No tomatoes, please

March 26, 2008

This one is maybe a little PG-15…

Filed under: Random — Rachael @ 2.48 pm

Huzzah! Today marks the arrival of my lovely new mattress! Now I don’t have to sleep on the floor anymore. I’m still eagerly awaiting the arrival of my slick Ikea bed which is sure to be a bitch and a half to put together, but will still be pretty awesome.

Seriously though, speaking of beds, I’m not sure what got me started on this tangent, but as I was deliriously driving back to Chapel Hill from Charlotte in the throes of a fever I began to think about sex + food. I think the tenuous connection in my head made more sense at the time, but I haven’t been able to stop pondering the appeal of such a thing. Now, as much as I love food, and as much as I love, uh, the idea of being sexy, I feel like those are two things that I do not want to mix.

squash.jpg

What is undeniably sexy though, is cooking with someone or having someone cook for you. I would say that it is the best kind of foreplay (I imagine…), especially if the food is yummy. But the thought of taking the food with you to the afterward times is when I get an icky feeling. It’s kind of like that scene in 9 1/2 Weeks when Mickey Rourke is all feeding stuff to Kim Basinger and she’s all blindfolded, and he freakin feeds her a jalapeno, and she’s freaking out, and he’s all, “haha I’m abusive,” and she’s all, “gah! I’m gonna die! Let’s do it.” But I digress.

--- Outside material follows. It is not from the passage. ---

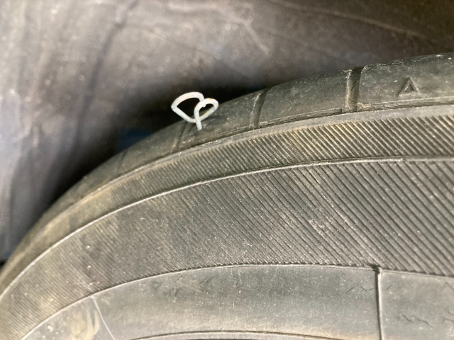 タイヤってこういうのも刺さるんですねぇ、ちょっと驚きました。

Anywho, I was truly racking my brain, trying to think of foods that are actually suitable to take into the bedroom, but I can’t think of any that don’t disgust me. There are the usual suspects, such as whipped cream and chocolate sauce, of course, but lo! The terrifying sheet-ruining, hair-sticking prospects of such things are too much for me to bear. Also, I’ve seen edible underwear, and I can’t think of a thing I’d want to eat less. You could pretty much just wrap a fruit-by-the-foot around your parts and it would probably taste better and be less likely to pull all your teeth out.

So, maybe, ice, I guess? I read in Cosmo once that that’s sexy, yeah? I might be able to get behind that one, since ice is just frozen water, and water never really hurt anyone (except that girl that was on Maury who was allergic to water. True story).

Also another pet peeve of mine is when people (ahem guys) call food sexy. There was some dude on Top Chef who used to call his dishes sexy all the time, and I just found that so obnoxious for some reason. Don’t get me wrong, food is super sexy, but it’s kind of just like if you were describing yourself, if you have to tell people you’re sexy, you probably aren’t.

Also, least sexy food = olives with stones. Nothing is less attractive than spitting out a giant olive pit into your hand or trying to spit it into something else and missing. Lame.

That is all for now. Hope I didn’t gross you out too much.